A Wildcat in Boomtown

In 22 career NASCAR Sprint Cup Series starts at Texas Motor Speedway in Fort Worth, Tony Stewart has scored a pole, two wins, six top-fives, 12 top-10s and led 727 laps. The 1.5-mile oval has been a stout venue for Stewart, who first ran at the Texas track in 1997 as a member of the IZOD IndyCar Series.

In short, Texas has been a boomtown for Stewart, driver of the No. 14 Mobil 1/Bass Pro Shops Chevrolet SS for Stewart-Haas Racing. That Stewart is sponsored by Mobil 1, the world’s leading synthetic motor oil brand, makes his return to the oil-rich state of Texas even more appropriate.

Just as roughnecks have come to Texas searching for black gold, Stewart enters the Lone Star State searching for a strong run after a rough start. Six races into the 36-race season – and 20 races away from the cutoff for the 12-driver Chase for the Sprint Cup – Stewart is 22nd in points with only one top-10 finish.

Missed opportunities have dogged Stewart. Just 34 laps into the season-opening Daytona 500, Stewart was collected in a multi-car crash and finished 41st. After posting solid results of eighth and 11th in the series’ next two races at Phoenix and Las Vegas, respectively, a flat left-rear tire only nine laps into the 500-lap race at Bristol (Tenn.) sent Stewart into the wall and relegated him to a 31st-place finish. A rebound appeared in the cards in Round No. 5 at Fontana (Calif.), but after starting third for a restart with only 10 laps to go, Stewart was blocked by another competitor, lost momentum and finished 22nd. And in his most recent race at Martinsville (Va.), Stewart had a top-10 in hand before being caught in the slower, outside lane following a restart with less than 30 laps remaining. He wound up 17th.

Like a wildcatter drilling for oil, Stewart and Co. just want one hit. If they get that one solid finish, more will come. Stewart knows this well. For reasons unexplained, he’s streaky. Want proof? Eighteen of Stewart’s 47 career Sprint Cup victories have come back-to-back. The most recent instance came in 2011 with successive wins Oct. 30 at Martinsville and Nov. 6 at Texas. Those victories were a microcosm of Stewart’s 2011 season, as he was winless until the Chase, where in the span of 10 races, he won five times to secure his third Sprint Cup championship.

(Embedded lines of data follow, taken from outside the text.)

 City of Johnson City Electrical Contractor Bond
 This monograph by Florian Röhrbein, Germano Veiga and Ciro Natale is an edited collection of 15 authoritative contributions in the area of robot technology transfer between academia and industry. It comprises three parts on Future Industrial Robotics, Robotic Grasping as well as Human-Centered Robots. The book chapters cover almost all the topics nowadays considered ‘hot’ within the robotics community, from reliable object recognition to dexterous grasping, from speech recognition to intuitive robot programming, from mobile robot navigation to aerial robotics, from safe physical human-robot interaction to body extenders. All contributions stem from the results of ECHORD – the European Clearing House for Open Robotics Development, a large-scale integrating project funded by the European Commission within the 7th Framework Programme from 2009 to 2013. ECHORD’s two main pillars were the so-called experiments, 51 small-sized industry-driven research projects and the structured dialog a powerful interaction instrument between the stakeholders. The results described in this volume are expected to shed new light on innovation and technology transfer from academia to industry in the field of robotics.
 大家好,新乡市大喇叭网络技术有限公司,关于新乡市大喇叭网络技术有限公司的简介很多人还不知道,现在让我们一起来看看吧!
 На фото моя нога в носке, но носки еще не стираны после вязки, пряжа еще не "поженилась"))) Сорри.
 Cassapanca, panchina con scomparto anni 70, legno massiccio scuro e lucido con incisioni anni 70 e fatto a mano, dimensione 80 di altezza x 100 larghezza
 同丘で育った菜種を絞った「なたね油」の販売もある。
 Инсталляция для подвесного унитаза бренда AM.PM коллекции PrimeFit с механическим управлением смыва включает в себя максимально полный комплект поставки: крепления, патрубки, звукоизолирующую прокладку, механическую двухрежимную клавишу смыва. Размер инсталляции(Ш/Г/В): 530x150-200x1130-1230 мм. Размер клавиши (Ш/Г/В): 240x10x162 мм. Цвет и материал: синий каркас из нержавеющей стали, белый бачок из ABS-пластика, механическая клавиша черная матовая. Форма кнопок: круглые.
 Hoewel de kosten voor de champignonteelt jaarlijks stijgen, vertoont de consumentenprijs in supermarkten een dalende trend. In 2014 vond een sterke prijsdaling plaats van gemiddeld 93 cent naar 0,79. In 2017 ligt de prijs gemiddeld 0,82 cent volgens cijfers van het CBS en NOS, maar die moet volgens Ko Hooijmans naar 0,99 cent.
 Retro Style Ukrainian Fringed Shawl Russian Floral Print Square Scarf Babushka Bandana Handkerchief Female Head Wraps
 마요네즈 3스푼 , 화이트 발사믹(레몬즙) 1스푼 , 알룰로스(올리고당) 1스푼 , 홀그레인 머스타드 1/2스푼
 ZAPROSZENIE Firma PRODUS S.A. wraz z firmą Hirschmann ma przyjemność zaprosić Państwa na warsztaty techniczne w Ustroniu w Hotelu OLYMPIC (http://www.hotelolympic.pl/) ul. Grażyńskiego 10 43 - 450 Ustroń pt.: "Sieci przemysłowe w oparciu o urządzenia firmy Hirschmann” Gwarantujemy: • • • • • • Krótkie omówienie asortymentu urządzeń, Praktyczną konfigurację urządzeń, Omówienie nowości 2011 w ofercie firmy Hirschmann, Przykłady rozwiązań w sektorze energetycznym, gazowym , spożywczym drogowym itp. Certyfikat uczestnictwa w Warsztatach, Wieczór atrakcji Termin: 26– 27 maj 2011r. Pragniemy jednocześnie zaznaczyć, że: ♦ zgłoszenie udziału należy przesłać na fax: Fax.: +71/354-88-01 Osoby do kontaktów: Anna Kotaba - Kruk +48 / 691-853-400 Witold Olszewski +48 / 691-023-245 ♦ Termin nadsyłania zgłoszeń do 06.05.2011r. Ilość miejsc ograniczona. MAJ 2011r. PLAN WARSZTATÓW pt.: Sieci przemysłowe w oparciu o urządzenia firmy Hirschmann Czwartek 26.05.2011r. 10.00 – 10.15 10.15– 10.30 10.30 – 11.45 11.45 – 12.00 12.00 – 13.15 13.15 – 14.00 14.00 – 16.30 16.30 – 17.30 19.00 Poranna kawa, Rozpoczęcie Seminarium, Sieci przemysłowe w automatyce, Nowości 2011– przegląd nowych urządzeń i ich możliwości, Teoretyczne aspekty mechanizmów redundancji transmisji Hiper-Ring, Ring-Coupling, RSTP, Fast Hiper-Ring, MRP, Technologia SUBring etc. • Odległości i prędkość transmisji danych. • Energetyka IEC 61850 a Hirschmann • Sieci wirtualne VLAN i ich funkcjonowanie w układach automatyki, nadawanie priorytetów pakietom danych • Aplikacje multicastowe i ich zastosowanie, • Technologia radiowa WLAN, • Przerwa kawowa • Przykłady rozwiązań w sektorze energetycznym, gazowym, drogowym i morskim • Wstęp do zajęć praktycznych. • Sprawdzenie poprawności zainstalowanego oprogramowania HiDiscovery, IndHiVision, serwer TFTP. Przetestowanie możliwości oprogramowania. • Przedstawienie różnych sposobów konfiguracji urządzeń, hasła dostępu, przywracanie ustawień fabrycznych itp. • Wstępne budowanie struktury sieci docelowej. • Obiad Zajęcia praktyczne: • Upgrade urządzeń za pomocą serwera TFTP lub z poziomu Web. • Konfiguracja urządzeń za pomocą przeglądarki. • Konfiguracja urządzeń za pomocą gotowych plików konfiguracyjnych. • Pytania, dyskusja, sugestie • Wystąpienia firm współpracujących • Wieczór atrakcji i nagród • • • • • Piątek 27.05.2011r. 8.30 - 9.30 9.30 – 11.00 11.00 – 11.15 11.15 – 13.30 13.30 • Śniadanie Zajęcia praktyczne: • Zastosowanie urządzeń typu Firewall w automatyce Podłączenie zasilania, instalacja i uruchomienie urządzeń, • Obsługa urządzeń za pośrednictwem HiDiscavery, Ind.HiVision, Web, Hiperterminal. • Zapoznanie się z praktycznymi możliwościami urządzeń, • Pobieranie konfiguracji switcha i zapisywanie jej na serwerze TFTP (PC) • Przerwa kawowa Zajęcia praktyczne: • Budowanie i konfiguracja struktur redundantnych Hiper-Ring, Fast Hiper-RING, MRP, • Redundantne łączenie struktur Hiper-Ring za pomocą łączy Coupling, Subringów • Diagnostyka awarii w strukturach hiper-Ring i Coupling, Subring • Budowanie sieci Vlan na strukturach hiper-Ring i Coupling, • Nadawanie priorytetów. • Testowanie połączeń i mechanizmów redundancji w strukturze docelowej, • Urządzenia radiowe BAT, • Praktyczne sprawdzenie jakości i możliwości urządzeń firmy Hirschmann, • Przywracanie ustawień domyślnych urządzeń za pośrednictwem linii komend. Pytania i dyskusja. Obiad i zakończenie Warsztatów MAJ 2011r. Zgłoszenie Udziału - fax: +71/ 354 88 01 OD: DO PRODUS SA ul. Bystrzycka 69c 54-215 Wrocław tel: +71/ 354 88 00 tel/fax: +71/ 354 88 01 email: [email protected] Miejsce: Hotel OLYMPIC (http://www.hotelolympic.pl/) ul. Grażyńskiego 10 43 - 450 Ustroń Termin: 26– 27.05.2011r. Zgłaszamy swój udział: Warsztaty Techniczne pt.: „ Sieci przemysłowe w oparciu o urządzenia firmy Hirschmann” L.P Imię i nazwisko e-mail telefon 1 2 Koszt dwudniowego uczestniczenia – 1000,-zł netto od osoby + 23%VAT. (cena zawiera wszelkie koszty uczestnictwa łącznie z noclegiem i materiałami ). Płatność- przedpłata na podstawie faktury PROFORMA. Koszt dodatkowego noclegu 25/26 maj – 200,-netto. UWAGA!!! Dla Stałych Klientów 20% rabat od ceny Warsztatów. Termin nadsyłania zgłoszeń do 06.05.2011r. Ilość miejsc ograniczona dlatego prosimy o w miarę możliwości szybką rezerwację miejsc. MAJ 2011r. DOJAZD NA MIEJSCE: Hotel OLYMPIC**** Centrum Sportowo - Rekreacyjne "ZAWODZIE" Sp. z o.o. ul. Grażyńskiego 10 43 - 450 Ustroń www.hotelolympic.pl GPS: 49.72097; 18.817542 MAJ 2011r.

The knowledge that comes from that kind of experience, as well as the cumulative effect of competing in NASCAR’s elite series for 15 years, allows Stewart to persevere.

The beauty of a 36-race season is that there is seemingly endless opportunity to turn the tide, especially when that 36-race season is only six races old. It bodes well for Stewart that Texas is his next opportunity to begin his march toward the top-10 and resume his typical perch among the Chase combatants, because beyond his NASCAR success at Texas, Stewart has proven successful in other racing series that have visited the Great American Speedway.

Stewart has made three IZOD IndyCar Series starts at Texas. He started on the pole twice (June 1997 and 1998) and second once (September 1998). While Stewart never finished an IndyCar Series race at Texas (he suffered engine failures in June 1997 and September 1998 and mechanical troubles in June 1998), he still led 208 of a possible 624 laps (33.4 percent).

And prior to Stewart’s first Sprint Cup win at Texas, he scored a victory in the International Race of Champions (IROC). In April 2006, Stewart won round two of IROC XXX at Texas. He followed that win with a victory on the road course at Daytona (Fla.) International Speedway. And with a third-place finish in the season finale at Atlanta Motor Speedway, Stewart secured his first IROC championship – the last in the 30-year history of IROC.

With Mobil 1 pulsing through his Chevrolet SS, and some might say though his veins, Stewart is intent on making the most of his time in Texas.